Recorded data
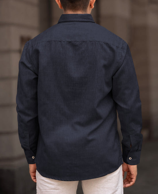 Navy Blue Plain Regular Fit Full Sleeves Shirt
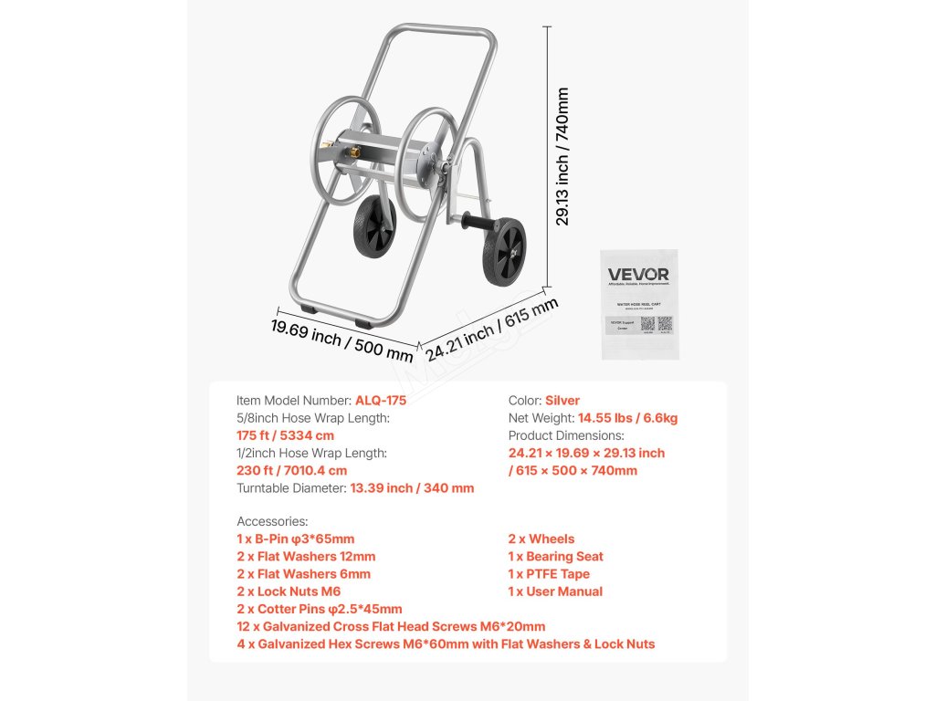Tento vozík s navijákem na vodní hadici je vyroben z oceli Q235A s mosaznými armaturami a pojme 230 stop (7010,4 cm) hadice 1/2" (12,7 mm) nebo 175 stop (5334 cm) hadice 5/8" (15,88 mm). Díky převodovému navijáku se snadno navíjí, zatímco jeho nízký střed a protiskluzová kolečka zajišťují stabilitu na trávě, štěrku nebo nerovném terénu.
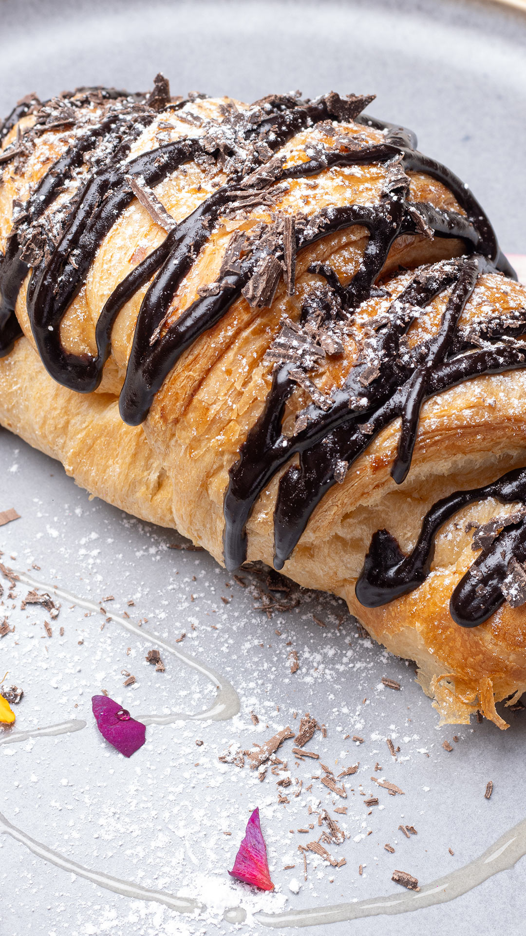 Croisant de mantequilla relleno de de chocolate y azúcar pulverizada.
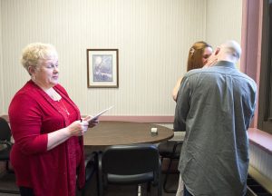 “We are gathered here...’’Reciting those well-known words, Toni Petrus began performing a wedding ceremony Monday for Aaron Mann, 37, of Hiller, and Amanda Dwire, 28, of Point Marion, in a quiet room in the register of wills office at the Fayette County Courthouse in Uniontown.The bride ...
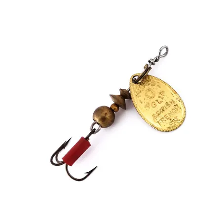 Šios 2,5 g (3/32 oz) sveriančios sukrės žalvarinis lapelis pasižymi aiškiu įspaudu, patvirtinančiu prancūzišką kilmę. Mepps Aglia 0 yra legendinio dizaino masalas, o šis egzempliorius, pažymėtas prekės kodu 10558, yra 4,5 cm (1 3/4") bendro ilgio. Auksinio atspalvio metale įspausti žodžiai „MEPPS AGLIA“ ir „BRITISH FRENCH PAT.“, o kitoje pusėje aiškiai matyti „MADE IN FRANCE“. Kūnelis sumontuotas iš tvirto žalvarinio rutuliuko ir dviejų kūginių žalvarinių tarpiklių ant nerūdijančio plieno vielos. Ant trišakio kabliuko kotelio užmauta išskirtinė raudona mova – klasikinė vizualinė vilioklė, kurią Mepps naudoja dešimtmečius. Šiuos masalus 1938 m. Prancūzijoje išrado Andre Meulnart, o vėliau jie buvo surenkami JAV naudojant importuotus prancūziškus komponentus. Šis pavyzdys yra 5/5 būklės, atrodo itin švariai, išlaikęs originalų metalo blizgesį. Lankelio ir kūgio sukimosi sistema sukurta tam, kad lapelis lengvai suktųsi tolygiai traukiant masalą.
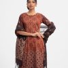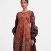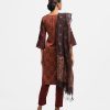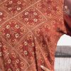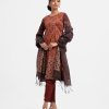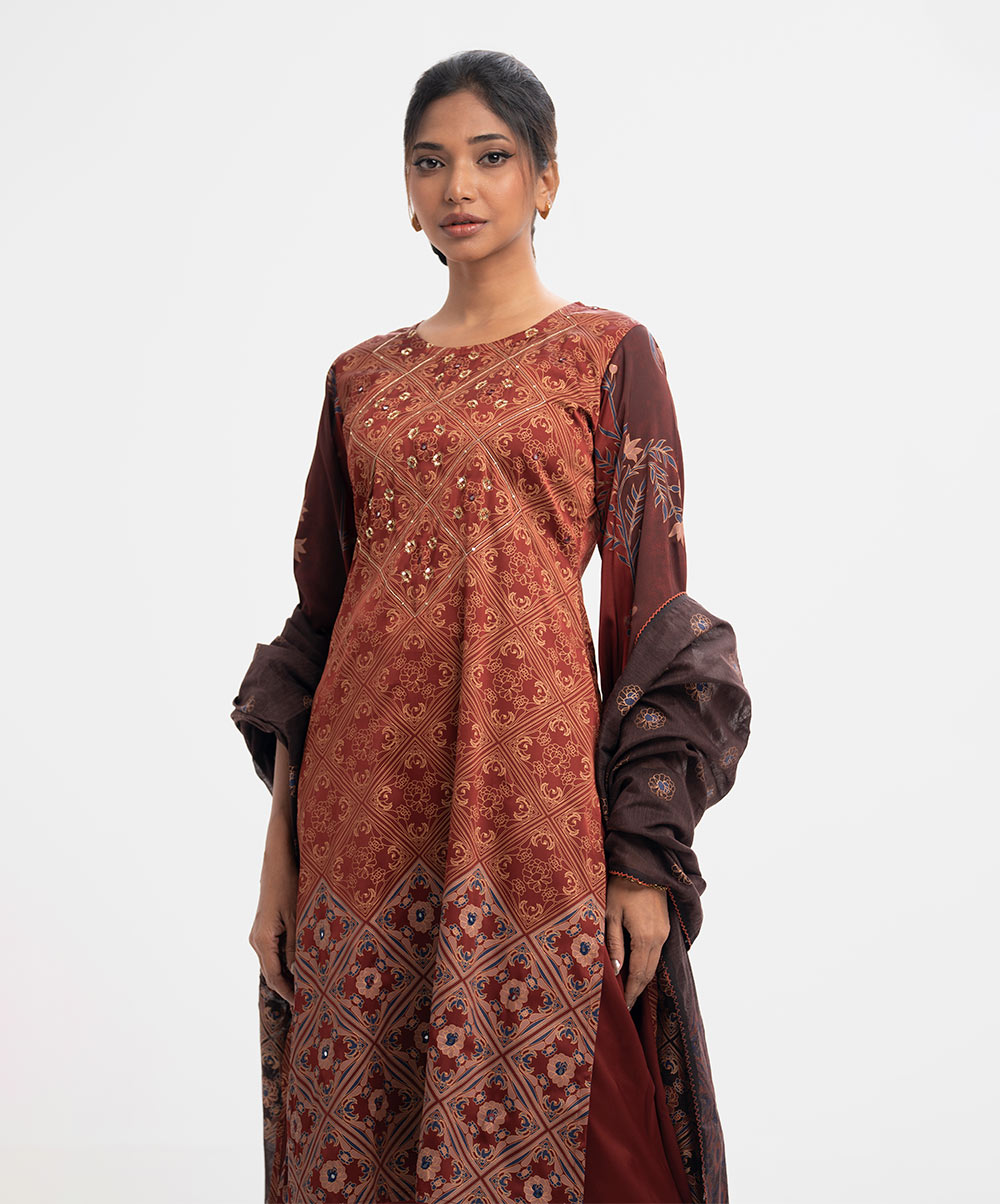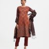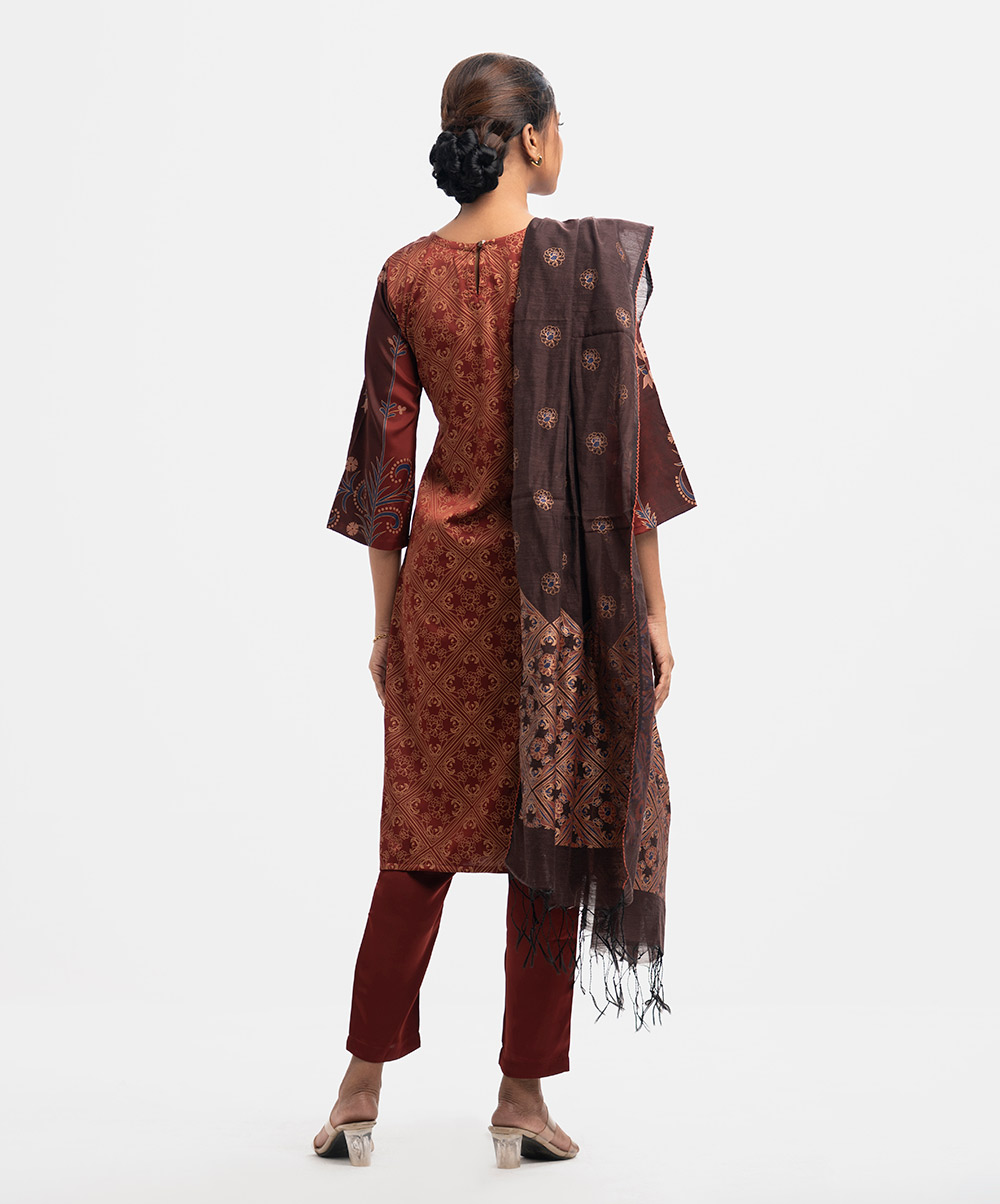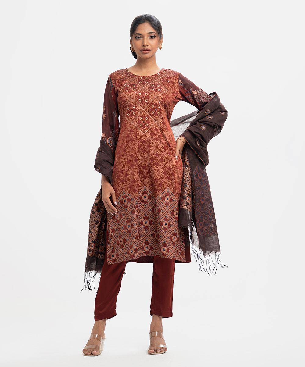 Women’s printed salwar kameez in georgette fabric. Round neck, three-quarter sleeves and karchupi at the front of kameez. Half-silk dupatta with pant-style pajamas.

_Task_
Word for word, write out the lines above running from the one with "Croisant de mantequilla" up to and including the one with "Uniontown.The bride ...". Drop any picture.

_Your solution_
 Croisant de mantequilla relleno de de chocolate y azúcar pulverizada.
 “We are gathered here...’’Reciting those well-known words, Toni Petrus began performing a wedding ceremony Monday for Aaron Mann, 37, of Hiller, and Amanda Dwire, 28, of Point Marion, in a quiet room in the register of wills office at the Fayette County Courthouse in Uniontown.The bride ...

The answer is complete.